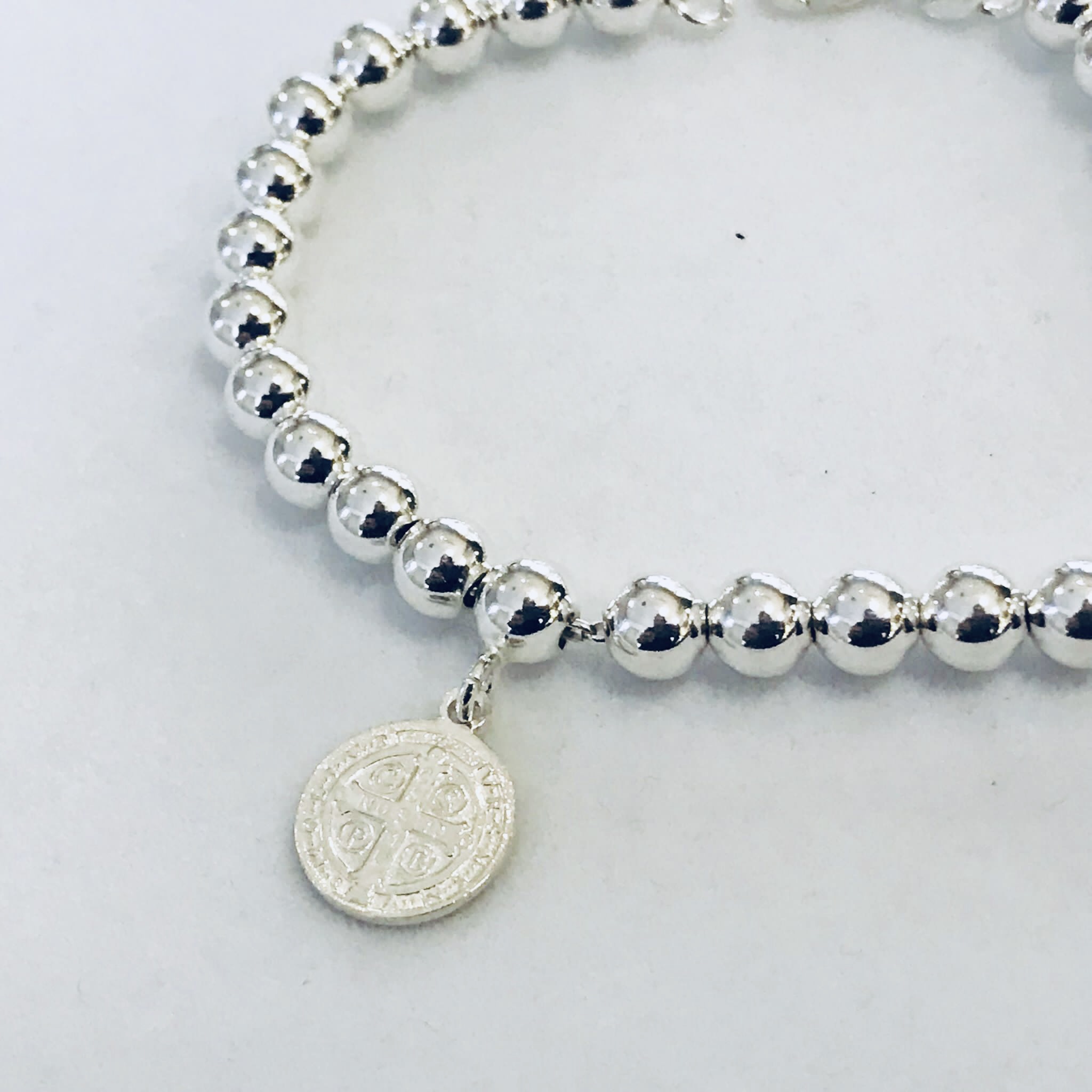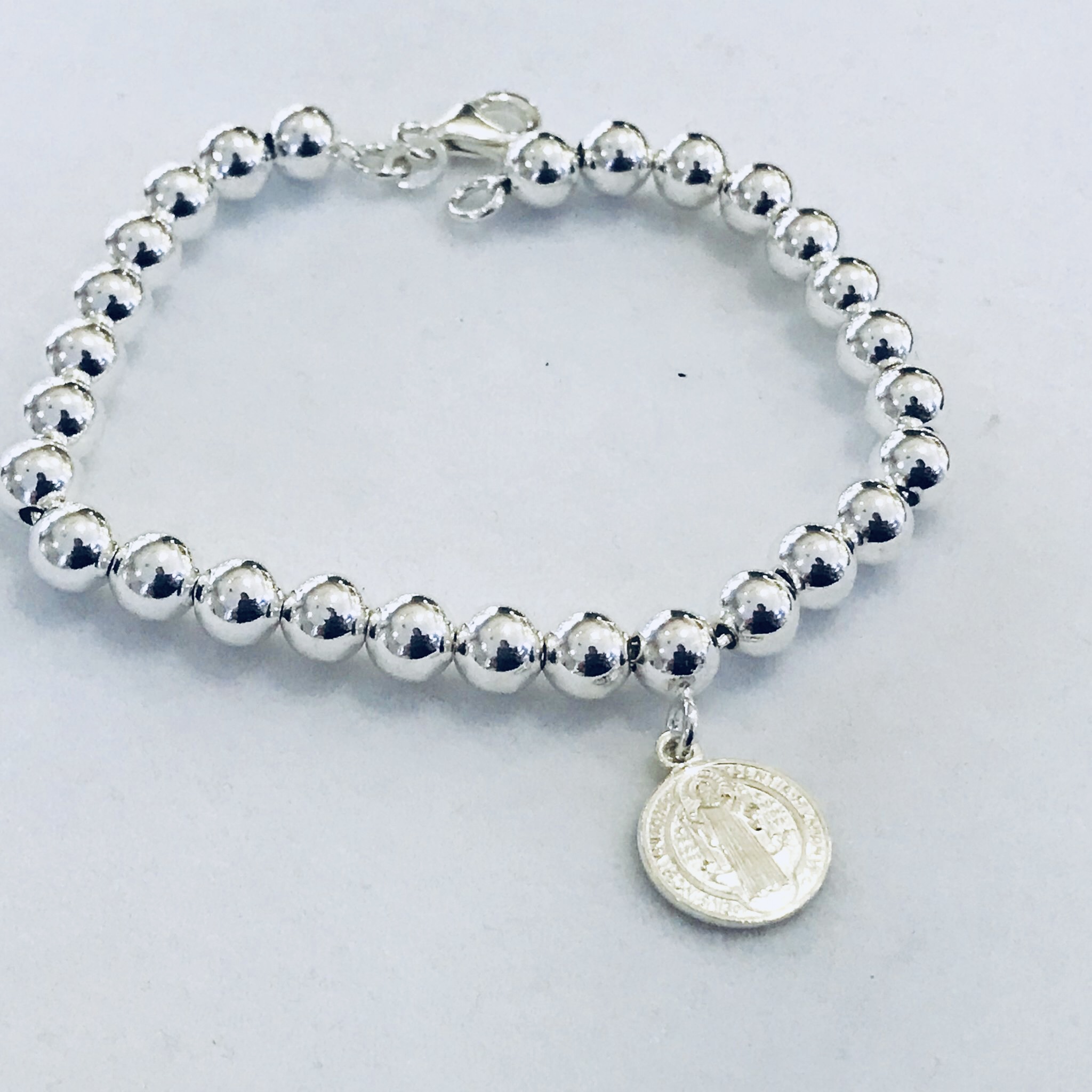 Pulsera plata bolas 6mm , medalla imagen San Benito .
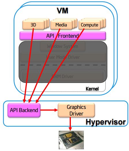 全虚拟化方案中,每个虚机拥有一个虚拟的GPU实例,多个虚机共享一个物理 GPU。下图是 Intel 的 GPU 全虚拟化示意图:
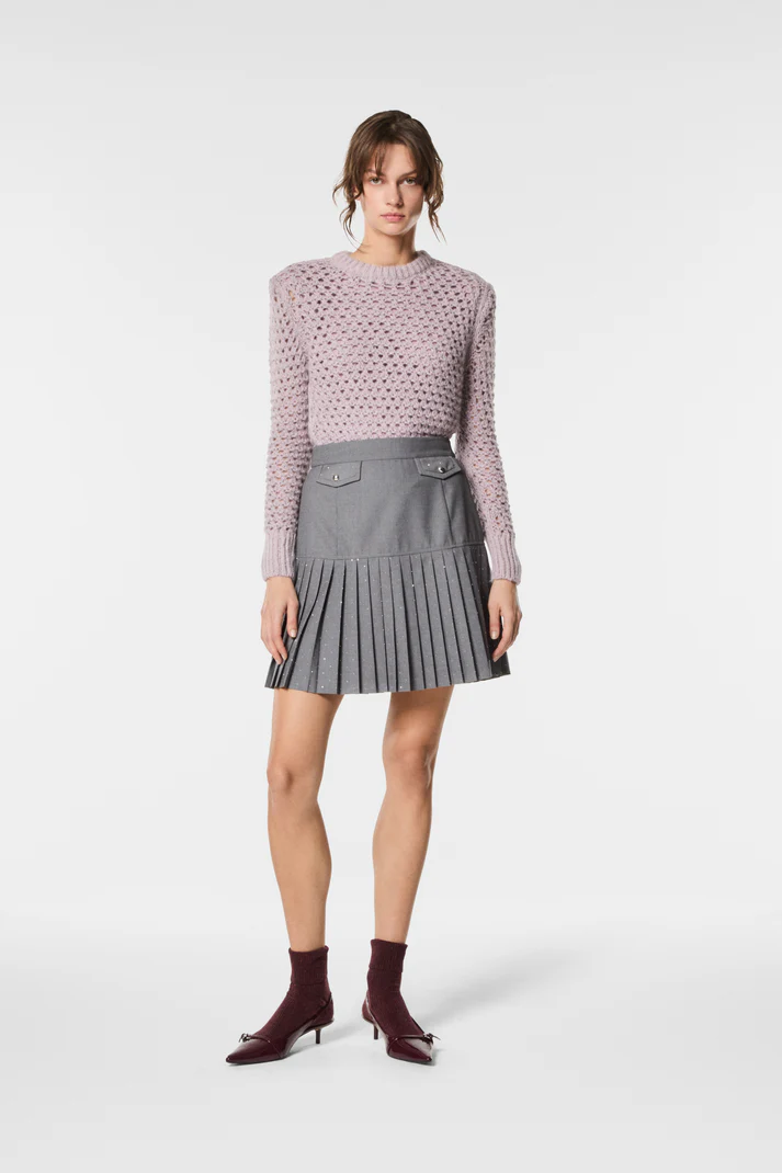 Gonna con pannello full-plissè impreziosito da micro-strass.
------------------------------------------------
Exercise brief:
Retype the whole listing above exactly as written. Skip the pictures.

Solution to this problem:
 Pulsera plata bolas 6mm , medalla imagen San Benito .
 全虚拟化方案中,每个虚机拥有一个虚拟的GPU实例,多个虚机共享一个物理 GPU。下图是 Intel 的 GPU 全虚拟化示意图:
 Gonna con pannello full-plissè impreziosito da micro-strass.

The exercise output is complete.